Biohydrogen – a potential alternative fuel source – continues to gain great importance. One of the possibilities for its production is the use of sewage sludge resulting from the treatment of food waste. Scientists from the Silesian University of Technology improved this method and supported it with nanotechnology.
Biohydrogen (Biohydrogen) is hydrogen gas that is produced biologically, often using microorganisms. He is It is considered a form of renewable energyBecause its production is related to biological processes, which usually include fermentation of organic compounds. The most common methods are: dark fermentation (anaerobic microbial decomposition of organic compounds by bacteria, the byproduct is hydrogen) and photosynthesis processes (self-producing microorganisms such as green algae and cyanobacteria can produce hydrogen in the process of splitting molecular water into oxygen and hydrogen in photosynthesis ).
Key potential applications of biohydrogen include: energy production, Transfer And Industrial processes. “Hydrogen is a clean and efficient fuel – it can be burned or used in fuel cells to generate electricity or as fuel for vehicles. The byproduct of hydrogen combustion is water vapor, making it a clean source of energy“- he said in an interview with Science in Poland Dr Mohamed Saad HellalRepresent Department of Environmental Biotechnology, College of Environmental and Energy Engineering Silesian University of Technology and National Research Center in Egypt. He added that biohydrogen is also a valuable industrial raw material, used in processes such as ammonia production and petroleum refining. “In addition, biohydrogen production from renewable resources can help reduce greenhouse gas emissions compared to traditional fossil fuel-based hydrogen production methods.” – pointed out.
One of the new ways to produce biohydrogen is Use of industrial sludgeGenerated in wastewater treatment processes in the food industry. “This sludge, which is often treated as waste, is a rich source of organic matter, making it attractive for reuse. We used sewage sludge resulting from chemical treatment of industrial wastewater from a food additive production plant“- said Muhammad Saad Hilal.
to Increased efficiency of biohydrogen production Using this method, scientists from the Silesian University of Technology added a catalyst to the biological process Nanostructure. “We used conductive metal nanoparticles containing silver and copper. This is the first time it has been used in this type of operation“- Muhammad Saad Hilal confirmed.

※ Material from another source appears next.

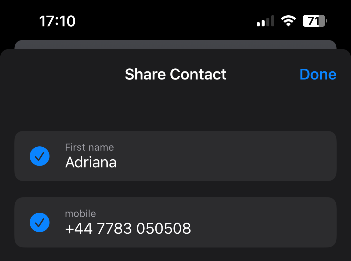 - Revise los datos de la tarjeta de contacto una última vez y, a continuación, pulse Hecho para compartirlo.
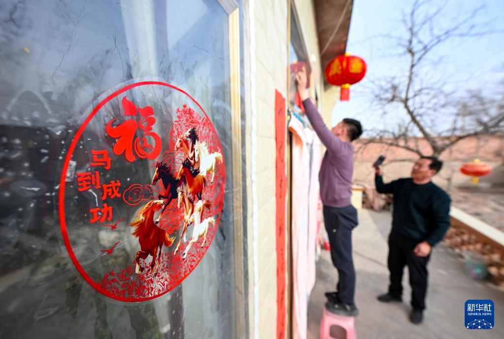 2月16日是农历除夕,在宁夏银川市永宁县闽宁镇福宁村,吴维东在家中小院挂好对联,一家欢度春节。

The addition of nanoparticles caused a change in the community of biohydrogen-producing microorganisms and, at appropriate concentrations, in its production rate. “The nanoparticle bioreactors were dominated by bacteria from the genera Proteinophyllum and Azovibrio. Both bacteria had already been identified as biohydrogen producers, but in these studies they began to dominate the bioreactor only when their “preferred” substrates emerged—the materials from which they most effectively produce biohydrogen. For both types of bacteria it is propionate, and for the first microorganism it is also acetate. These “delicacies” are the product of other biochemical transformations carried out by other members of this bacterial team. Also, those microorganisms that did not dominate society, but thanks to their work, materials were created that support the work of the effective producers of this gas“- she explained Ph.D. Alexandra Zimbinska-Buczynska,Prof. PŚ, also with Department of Environmental Biotechnology, College of Environmental and Energy Engineering Silesian University of Technology.

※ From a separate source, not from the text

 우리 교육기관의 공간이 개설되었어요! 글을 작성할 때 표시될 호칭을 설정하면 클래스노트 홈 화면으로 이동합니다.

In the opinion of Muhammad Saad Hilal. Implementing this technology in existing food processing plants and wastewater treatment plants could bring economic and environmental benefits. “Although the research was conducted at a basic research level, our solution has great potential for broader application, especially in the context of global efforts for sustainable development and carbon footprint reduction. The ability to convert waste into a valuable energy source can reduce reliance on traditional energy sources and help reduce greenhouse gas emissions“- concluded Muhammad Saad Hilal.

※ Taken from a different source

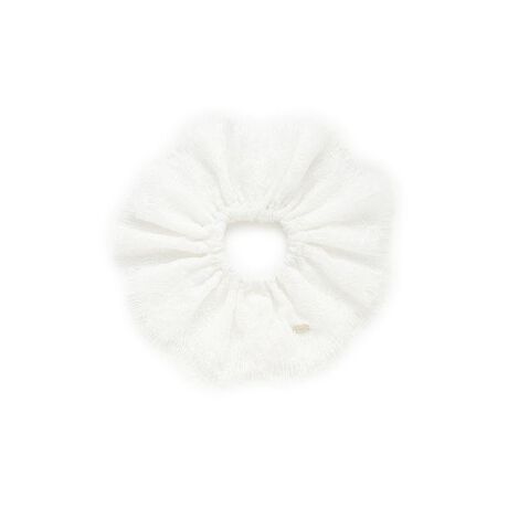 3色展開で、それぞれ異なる素材でお作りしたロマンティックなレースシュシュです。ボリューム感のあるアイテムで、シンプルなローポニーやお団子ヘアにプラスするだけで顔まわりが華やぎます。ブレスレットにしても可愛いです。ホワイトは花柄刺繍を施したチュールレース生地で、裾にカットフリンジを施しました。アイボリーは小花柄刺繍入りチュールレース生地で、スカラップ状の縁取りが愛らしいデザインです。ブルーは立体花柄模様を施した柔らかなジャガード生地を使用しました。ブルーはフラワーカットジャガードスカート(SWFS261046 )と同素材を使用しています。サイドにはSNIDELロゴを入れたオーバルメタルプレートを添えて、上品に仕上げました。プレゼントにもおすすめのアイテムです。

Echo Richards embodies a personality that is a delightful contradiction: a humble musicaholic who never brags about her expansive knowledge of both classic and contemporary tunes. Infuriatingly modest, one would never know from a mere conversation how deeply entrenched she is in the world of music. This passion seamlessly translates into her problem-solving skills, with Echo often drawing inspiration from melodies and rhythms. A voracious reader, she dives deep into literature, using stories to influence her own hardcore writing. Her spirited advocacy for alcohol isn’t about mere indulgence, but about celebrating life’s poignant moments.